Common Culprits for Unexpected AWS, Azure, and GCP Service Cost Spikes

7 Min Read

As a CloudHealth Technical Account Manager, I have the opportunity to work directly with a diverse set of customers across all three major public cloud providers - AWS, Azure, and GCP. From innovative startups to Fortune 500 enterprises, these organizations are continually caught off guard by unpredictable cloud service costs as they attempt to manage, optimize, and govern their cloud spend.

I work alongside these customers as a trusted advisor to provide visibility into their cloud environment and enable policies to identify cost fluctuations. In many cases, I see the same cloud services create unexpected cost spikes. So to help customers know what to look for, I collaborated with fellow Technical Account Managers to document a list of common cloud services across AWS, Azure, and GCP that contribute to unpredictable cloud service costs.

AWS Cloud Service Costs

AWS CloudWatch

AWS Cloudwatch is a monitoring service that provides data for all your AWS cloud services and applications. With CloudWatch, you can track your Amazon EC2 instances, Amazon DynamoDB tables, Amazon RDS DB instances, and custom metrics generated from your applications.

As your team begins to scale CloudWatch, you may hit limits for custom metrics, alarms, and dashboards, at which point costs will rise rapidly and unexpectedly. Review this knowledge center article from AWS for tips on how to reduce these charges.

AWS NAT Gateway

Network Address Translation (NAT) Gateway is an AWS managed service that enables your private network to communicate with public networks like the internet. You can send and receive traffic from a single IP address without exposing host identities. One way I like to explain NAT Gateway is like an apartment building and concierge. If someone wants to send you a package, they can send it to the apartment building and the concierge routes it to your specific room without them knowing your room number.

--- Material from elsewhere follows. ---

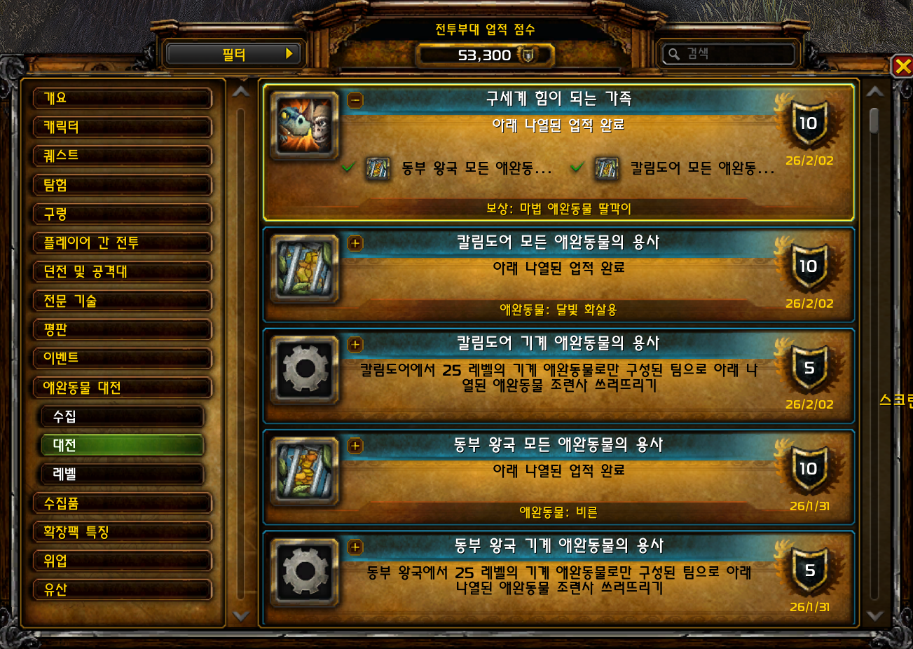 | [와우업적]동부 왕국 모든 애완동물의 용사 (0) | 2026.01.31 |

When initially deploying NAT Gateway, your cloud costs can easily skyrocket, so it’s important to address the configuration and deployment of your NAT Gateways. You’ll be charged per hour and per gigabyte of data, but there are less expensive solutions for routing data available. For best practices, we recommend this article from AWS: How can I reduce data transfer charges for my NAT gateway?

AWS Glue

AWS Glue is a managed extract, transfer, and load (ETL) service that crawls all the assets in your AWS environment and stores that information in the AWS Glue Data Catalog. Glue is essentially an organized central repository of your organization’s AWS data.

Like other Amazon managed services, AWS Glue is valuable and easy to deploy, but each job can rack up costs. If you can reduce the number of Data Processing Units (DPUs) to run your ETL job, then you can significantly reduce costs. Learn more about AWS Glue pricing here.

AWS SageMaker 

AWS SageMaker is a fully managed machine learning (ML) service that eases the workload of developing high-quality ML models. It doesn’t cost anything for the first two months, as long as usage remains below a certain amount and number of hours. As more engineers within your business leverage AWS SageMaker, you can exceed the free tier quickly, causing cloud costs to rise.

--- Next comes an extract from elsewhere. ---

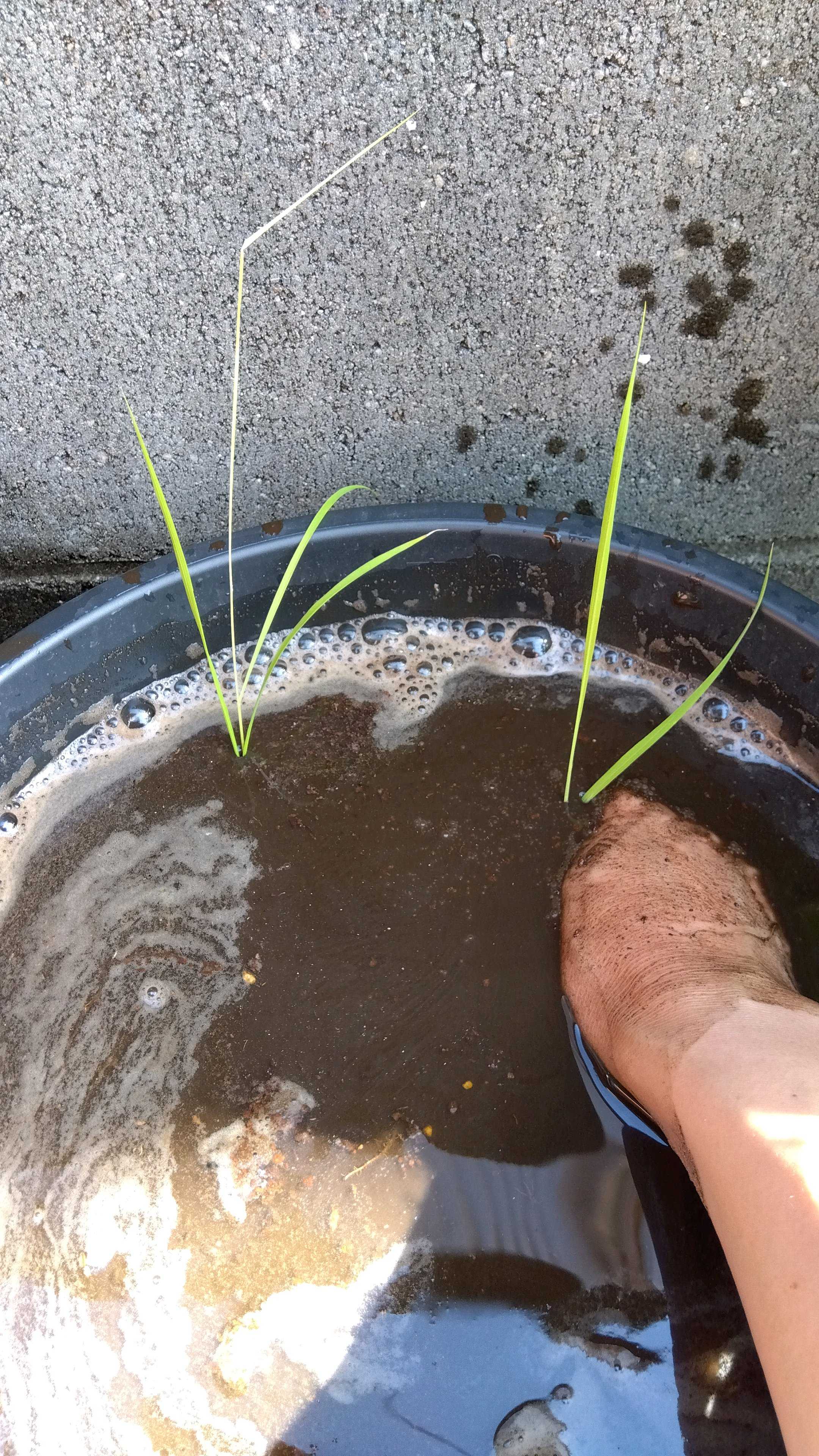 田植え。植える前にしろかきと言う作業をしました。田植え用の土を一度捏ねて馴染ませてあるから、いらないのかも?平坦だったのを、混ぜてしまって、濁った土をまた平坦に戻すのは難しかったです。元気そうな苗から選んで植えていきました。

After you exceed the free tier, you only pay for what you use, with billing for building, training, and deploying ML models charged by the second. Make sure you have visibility into AWS SageMaker usage and pricing to prevent exceeding budget.

AWS S3 Glacier

AWS S3 Glacier is an AWS storage class recommended for low-access, long-term storage. Although S3 Glacier is one of the more affordable storage classes that AWS offers, there are still some important factors to consider to ensure you aren’t surprised by unpredictable cloud costs.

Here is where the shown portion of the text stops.